As disfunções do sistema nervoso autônomo em lesados medulares também comprometem o sono e a sua função de restaurar a mente e o corpo. A proposta de Aline Cruz foi entender como o esporte poderia ser significativo na vida dessas pessoas. “Eu trabalhava em uma clínica com reabilitação imediata de lesões medulares, e muitos pacientes enfrentavam complicações como infecções recorrentes e distúrbios do sono. Quando eles começam a praticar esportes, como o rugby de cadeira de rodas, vemos uma mudança significativa em sua independência e qualidade de vida”, relata a fisioterapeuta.

A fisioterapeuta explica que o ponto de partida da pesquisa foi entender como funcionava a variabilidade da frequência cardíaca dos tetraplégicos durante o sono. Nesse sentido, ela trabalhou com dois grupos distintos, tetraplégicos sedentários e tetraplégicos atletas, para validar sua hipótese de que o funcionamento do coração nesses dois grupos é diferente. “Durante o sono, nós passamos por quatro estágios em que temos restauração tecidual e mental. Durante os três primeiros estágios, o nosso corpo se acalma e durante o quarto estágio, o sono REM, fase do sono com a função de restauração mental, temos uma grande ativação do sistema nervoso simpático. Então, como acontece no caso dos tetraplégicos, já que eles não possuem o funcionamento do sistema nervoso simpático?”, questiona Cruz, ressaltando que pesquisas relacionadas ao tema ainda são muito escassas.

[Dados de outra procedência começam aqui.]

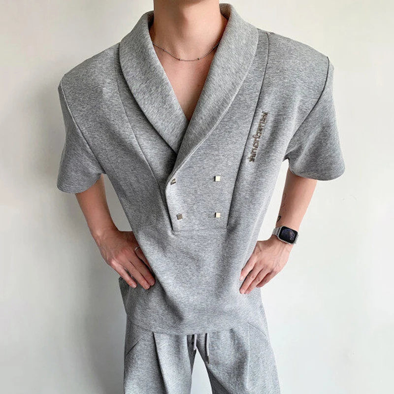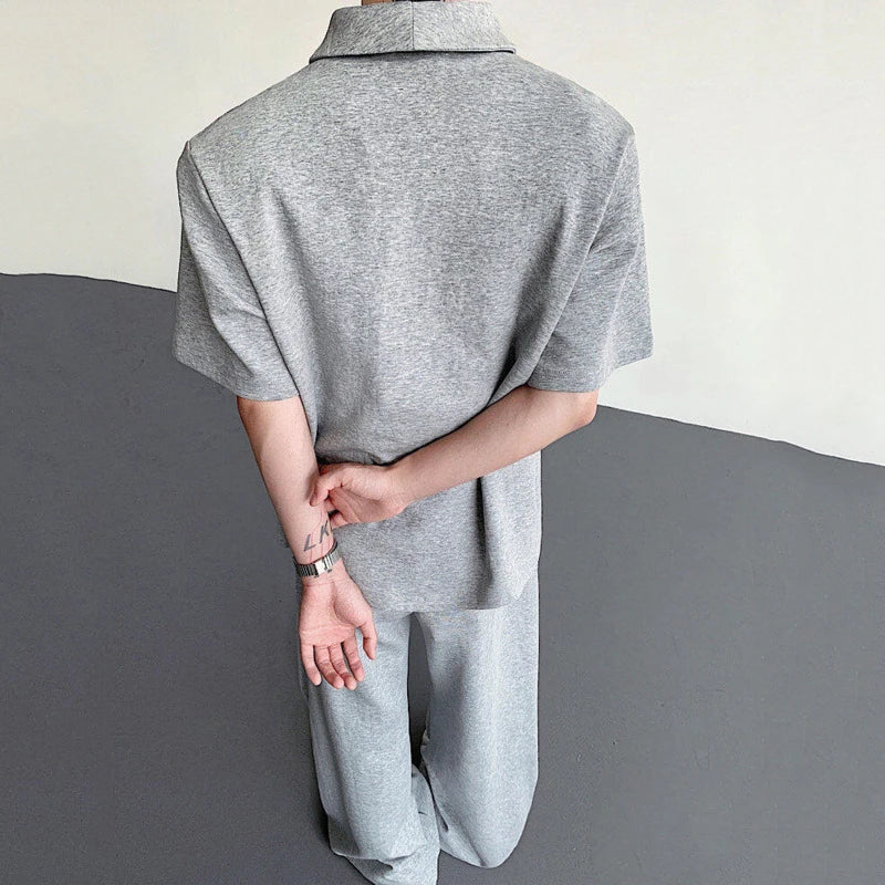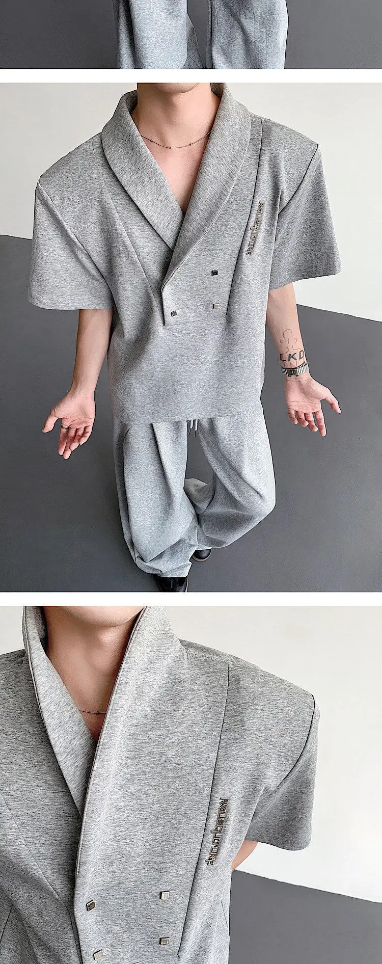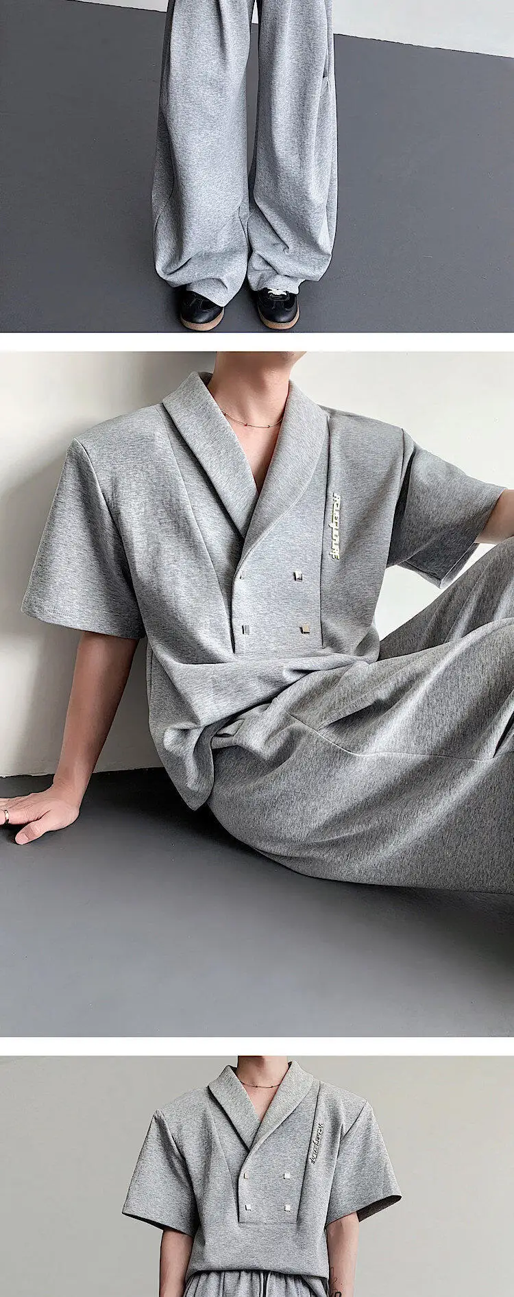AIDASE - Simple Men's Two-piece Shawl Collar Short Sleeved Shoulder Pads Short Sleeved T-shirts Drawstring Loose Male Pants 9W3272

A partir desse questionamento, a fisioterapeuta acompanhou os voluntários em diversos teste comparativos durante dois meses. “Observamos que o voluntário que praticava o esporte conseguia ter melhor modulação autônoma do coração durante o sono por causa da atividade física. O sono do paratleta é um pouco melhor do que o sono do tetraplégico sedentário”, explica. O esporte, nesses casos, estimula o coração a trabalhar mesmo em repouso.

Vários benefícios

Os benefícios da prática esportiva são muitos. As pesquisadoras destacam que o esporte também proporciona uma estrutura de apoio e um objetivo tangível para os atletas, incentivando a recuperação física e emocional. O envolvimento em esportes adaptados pode levar a melhorias na força muscular, na resistência e na coordenação motora, além de promover uma melhor saúde cardiovascular. Psicologicamente, a prática esportiva oferece uma sensação de propósito e de pertencimento, elementos essenciais para a reabilitação completa.

Aline Cruz explica que lesados medulares geralmente são pessoas que possuíam todos os movimentos do corpo e por algum acidente não conseguiriam mais. A reabilitação neurofuncional dura cerca de um ano e, após, a realização de algum esporte ou atividade física pode servir como uma extensão da terapia física, ajudando a melhorar a função motora e a promover uma maior autonomia entre pessoas com deficiências. A prática regular de esportes não só melhora a força e a resistência muscular, como também ajuda a prevenir complicações secundárias à paralisia, como contraturas e úlceras de pressão.